Clarke’s Third Law applies to this one, too. Holograms are images that appear to have three-dimensional structure. We can’t yet imagine a way to assemble matter in the same way as the light in a hologram. We only have some relatively crude virtual reality environments today.
It’s interesting that in the original Star Trek show, virtual reality was outlawed. Virtual reality invented by advanced aliens (Talosians) destroyed Talosian society by addicting them to endless fantasies. The United Federation of Planets enforced the death penalty on anyone who even visited the Talosians. But in Star Trek: The Next Generation, virtual reality on the holodeck was treated as a vital form of recreation, and was installed on every large starship to entertain the crew.
Universal language translator
As this is used on the Star Trek shows, it’s just an automagical device to enable characters to get through the stories. It would be too tedious and repetitious in a one-hour show for the characters to overcome real language barriers in a realistic manner in every show. The way the Enterprise crew can encounter an alien spacecraft, “hail them on standard frequencies,” and establish instant telecommunications on their viewscreens is a preposterous shortcut to keep the plot from faltering. We can certainly dismiss the possibility of such an invention ever being built.
Warp Interstellar Drive
This must be the crowning achievement of Federation technology. Despite its fundamental role in the show’s plot, it violates known physics to an extent that can’t be defended. The detailed explanation of the warp field effect in the ST: TNG Technical Manual only raises more questions than it resolves. It is said to involve huge discharges of energy and subspace fields that aren’t understood in today’s science.
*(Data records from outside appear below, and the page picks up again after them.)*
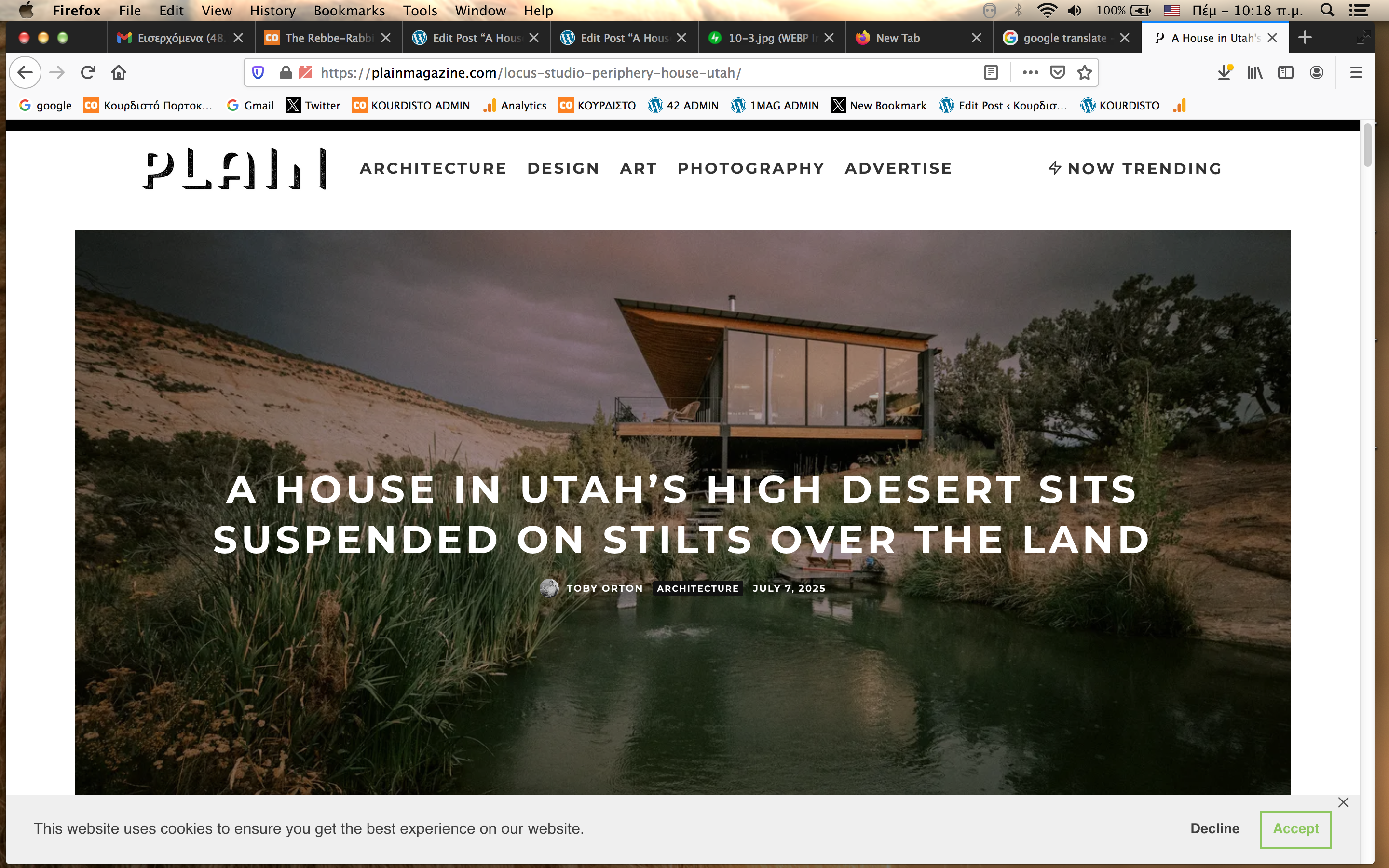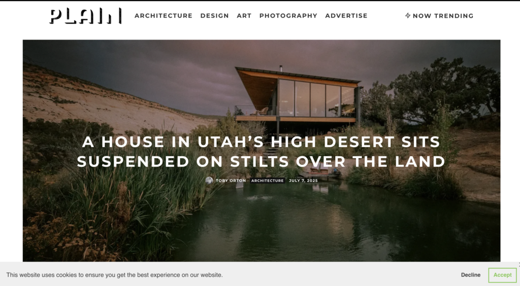 Suspended on stilts in an elevated position in Utah’s high desert, The Periphery House treads light on the land, its raised design and use of materials chosen in reverence to the wild environment. The two-bedroom home was designed by Locus Studio, the structure quietly merging with the rugged landscape that covers this region close to the boundary of the Grand Staircase-Escalante National Monument.
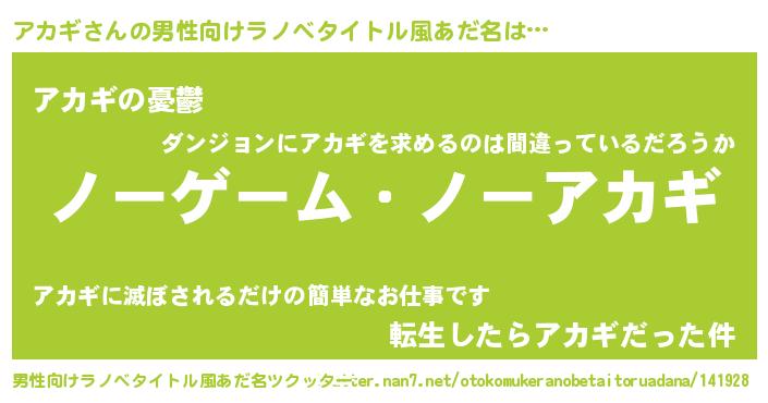 | 女子向けラノベタイトル風あだ名 | 『アカギ恋絵巻』『アカギ姫と円卓の騎士』 |
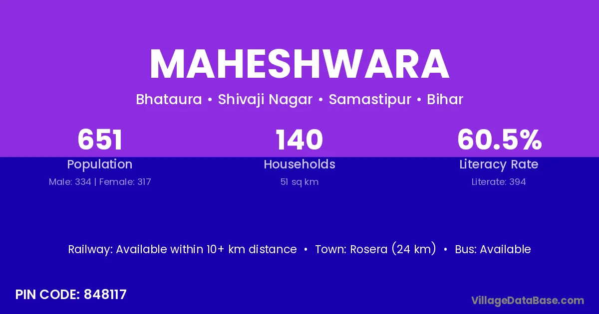 Begusarai (17 km) is the nearest town to Maheshwara village for major economic activities and is located approximately 17 km away.
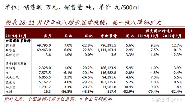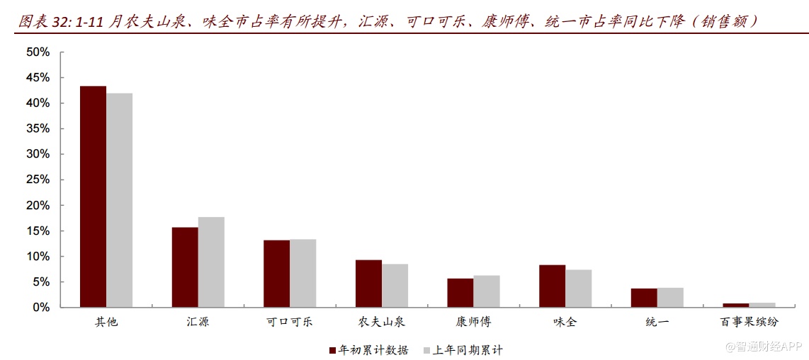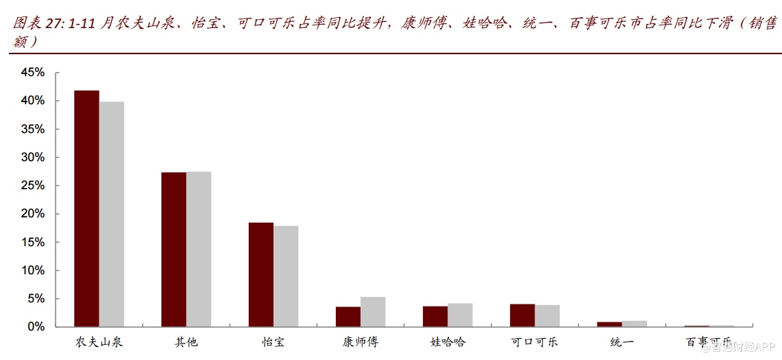 蛋白质饮料和包装水11月收入降幅收窄,果汁饮料则止跌回升。茶饮和碳酸饮料11月均实现较快增长。农夫山泉在各品类中综合表现相对最优。
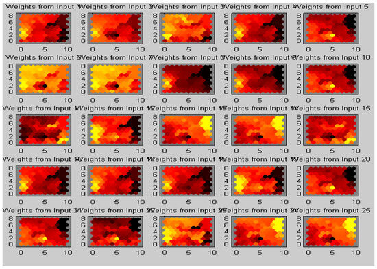 Both factors are inversely proportional to time, so it decreases over time. The incremental process reduces as the neighbourhood weight factor falls, which is a few units. Here, it indicates the position of the exit space and is the distance between the winning unit and the space. The Euclidean distance is computed as . However, after the initial process, the orthogonal and symmetric matrices T and P of the same size, where T (p, q) means 0 for no relation, 1 is a connected neuron, and P (p, q) indicates the boundary age of the neurons [21]. The neurons are nearest neighbours in the present era, meaning there is 0. Yet, another value means neurons are the closest neighbours. The MTr threshold is a function of the data dimension (D) given by the MTr threshold [34,35,36].

However, barring a very unlikely demolition of Einstein’s theory by revolutionary discoveries in quantum physics, warp drive can’t exist. Physicists of today understand the space-time continuum rather well, and there is very good reason to think that no object can move faster than the speed of light. This doesn’t stop scientists like the great expert on relativity and quantum theory, Stephen Hawking, from enjoying the fun of the TV series, however.
Wormhole Interstellar travel and time travel
These are questionable consequences of some mathematical models for extremely bizarre, artificial arrangements of titanic super-massive objects – untested imaginary models where Einstein’s relativity theory is stretched to its ultimate limits. We don’t have any evidence that Einstein’s theory is valid in these theoretical cases, and the arrangements of these giant spinning masses don’t occur in nature.
No progress on time travel has occurred to date.
So, the bottom line is: Star Trek science is an entertaining combination of real science, imaginary science gathered from lots of earlier stories, and stuff the writers make up week-by-week to give each new episode novelty. The real science is an effort to be faithful to humanity’s greatest achievements, and the fanciful science is the playing field for a game that expands the mind as it entertains. The Star Trek series are the only science fiction series crafted with such respect for real science and intelligent writing. That’s why it’s the only science fiction series that many scientists watch regularly . . . like me.